In response to crowding, C. elegans can arrest development at the
end of the second larval stage, and last in that dormant state for
months to years. When these arrested worms, called dauer ("enduring")
larvae, are moved to fresh plates with bacteria to eat, they resume development
where they left off.
C. elegans is useful for experimental genetics
C. elegans has two sexes, male and hermaphrodite. The
hermaphrodites produce both sperm and eggs and are self-fertilizing, or
automictic. Hermaphrodites typically lay 300 fertilized eggs during
life. If they are fertilized by a male, they can produce hundreds
more. We can freeze all of our mutant worm strains in liquid
nitrogen (something one can't do with Drosophila). It's not
the dauers or eggs that survive the freezing best, but the young larvae.

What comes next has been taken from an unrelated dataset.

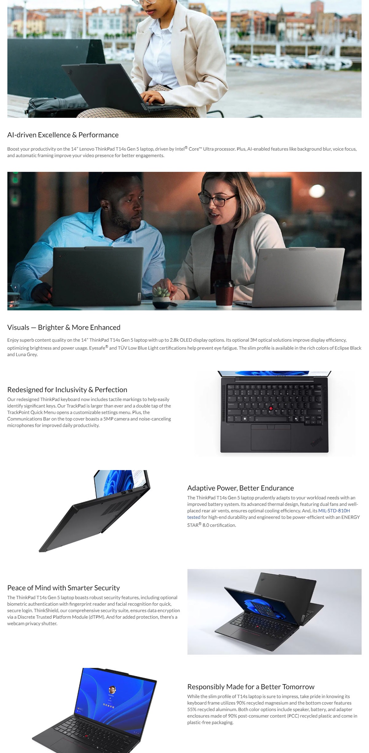 Various docking solutions supported via Thunderbolt™ / USB-C®. For more compatible docking solutions, please visit Docking for ThinkPad® T14s Gen 5

Because the worms are very small, we use binocular dissecting microscopes
when we are examining them and moving them from plate to plate.
For other purposes, such as to see the anatomy of the worm in great
detail or to watch individual cells dividing, we use compound microscopes
with Nomarski (or Differential Interference Contrast, DIC) optics.
One of the most useful things about C. elegans to us is how easy
it is to find mutants that affect many different kinds of processes.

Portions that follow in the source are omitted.